▶ [Data for review]
******************************
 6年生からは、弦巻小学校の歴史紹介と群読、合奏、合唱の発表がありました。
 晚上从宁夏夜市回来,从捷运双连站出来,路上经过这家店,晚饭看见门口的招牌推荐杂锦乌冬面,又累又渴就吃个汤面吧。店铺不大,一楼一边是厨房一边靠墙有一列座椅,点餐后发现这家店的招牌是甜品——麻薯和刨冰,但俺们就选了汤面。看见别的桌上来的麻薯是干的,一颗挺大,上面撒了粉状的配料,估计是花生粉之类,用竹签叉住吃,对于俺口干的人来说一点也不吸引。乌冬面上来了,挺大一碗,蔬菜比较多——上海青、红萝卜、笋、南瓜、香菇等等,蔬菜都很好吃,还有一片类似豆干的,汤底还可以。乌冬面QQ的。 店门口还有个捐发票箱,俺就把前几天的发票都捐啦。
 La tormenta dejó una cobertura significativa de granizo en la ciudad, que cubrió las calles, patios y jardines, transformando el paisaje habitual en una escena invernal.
******************************
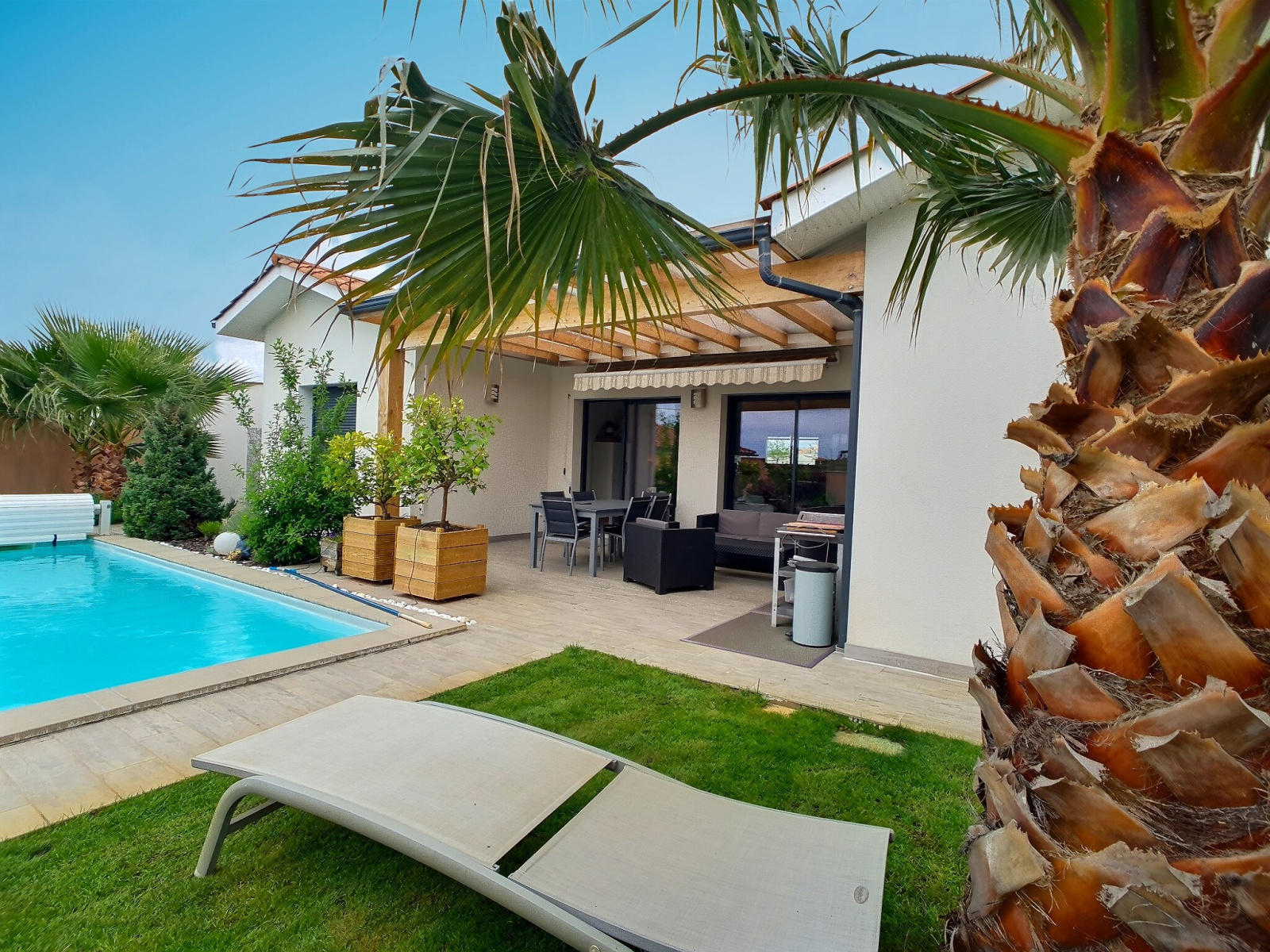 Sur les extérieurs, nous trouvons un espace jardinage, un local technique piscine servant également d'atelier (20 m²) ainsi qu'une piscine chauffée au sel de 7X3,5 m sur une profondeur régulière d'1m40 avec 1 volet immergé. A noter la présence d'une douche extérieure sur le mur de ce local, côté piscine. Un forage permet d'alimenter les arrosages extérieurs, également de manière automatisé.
******************************
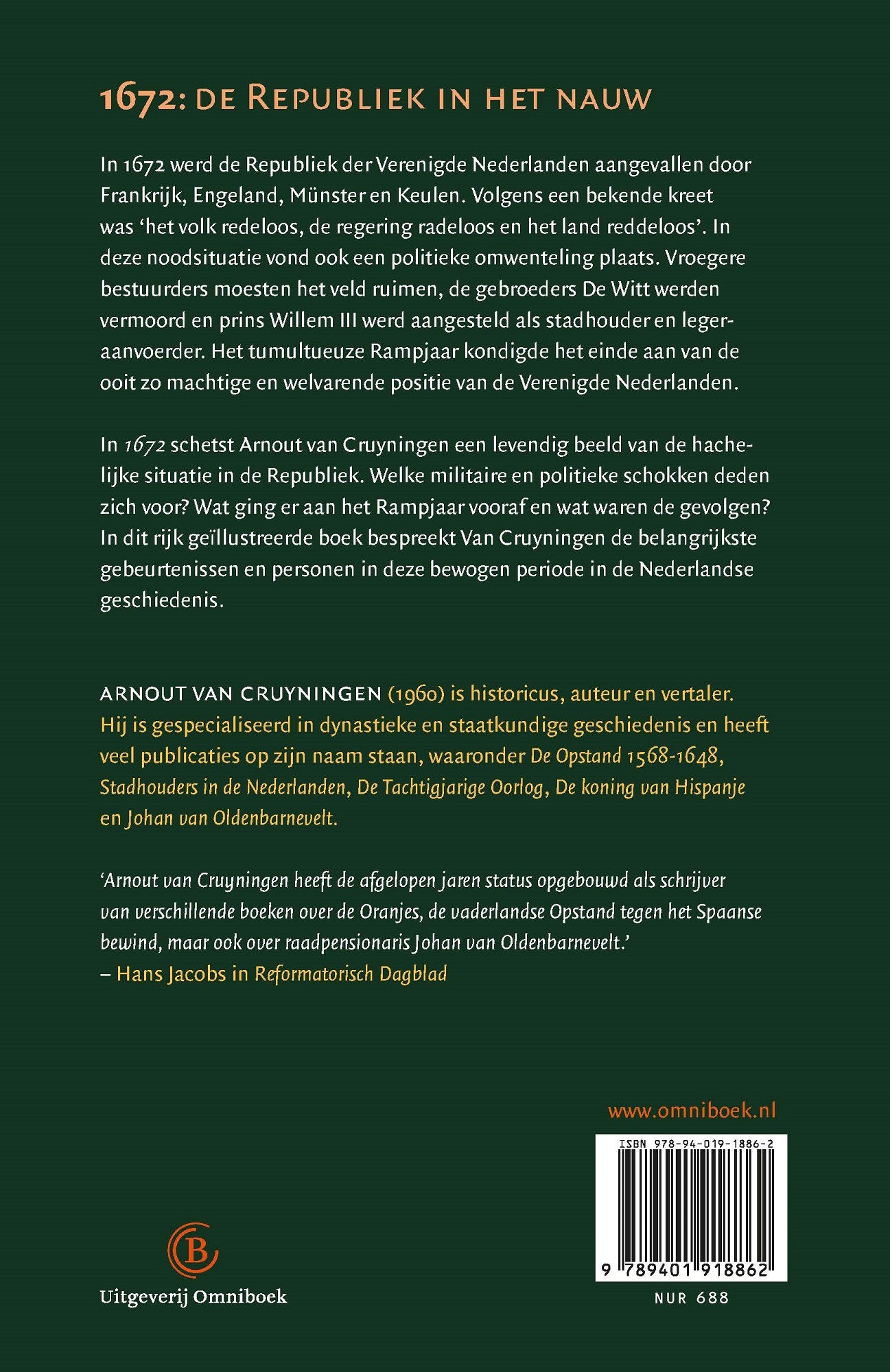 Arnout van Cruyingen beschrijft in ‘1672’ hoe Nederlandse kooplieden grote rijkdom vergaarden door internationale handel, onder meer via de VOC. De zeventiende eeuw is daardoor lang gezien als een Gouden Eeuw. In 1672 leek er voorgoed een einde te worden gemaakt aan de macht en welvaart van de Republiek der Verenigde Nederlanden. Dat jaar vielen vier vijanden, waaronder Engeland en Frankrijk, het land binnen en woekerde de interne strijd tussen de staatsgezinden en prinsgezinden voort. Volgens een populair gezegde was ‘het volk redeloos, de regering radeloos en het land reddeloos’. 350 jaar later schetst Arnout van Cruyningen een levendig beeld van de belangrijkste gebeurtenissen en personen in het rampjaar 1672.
******************************
▶ [Instructions for the task]
Above are the records; repeat exactly the lines from the one holding "6年生からは、弦巻小学校の歴史紹介と群読、合奏、合唱の発表がありました。" down to the one holding "La tormenta dejó", end lines included.

▶ [Exercise output]
 6年生からは、弦巻小学校の歴史紹介と群読、合奏、合唱の発表がありました。
 晚上从宁夏夜市回来,从捷运双连站出来,路上经过这家店,晚饭看见门口的招牌推荐杂锦乌冬面,又累又渴就吃个汤面吧。店铺不大,一楼一边是厨房一边靠墙有一列座椅,点餐后发现这家店的招牌是甜品——麻薯和刨冰,但俺们就选了汤面。看见别的桌上来的麻薯是干的,一颗挺大,上面撒了粉状的配料,估计是花生粉之类,用竹签叉住吃,对于俺口干的人来说一点也不吸引。乌冬面上来了,挺大一碗,蔬菜比较多——上海青、红萝卜、笋、南瓜、香菇等等,蔬菜都很好吃,还有一片类似豆干的,汤底还可以。乌冬面QQ的。 店门口还有个捐发票箱,俺就把前几天的发票都捐啦。
 La tormenta dejó una cobertura significativa de granizo en la ciudad, que cubrió las calles, patios y jardines, transformando el paisaje habitual en una escena invernal.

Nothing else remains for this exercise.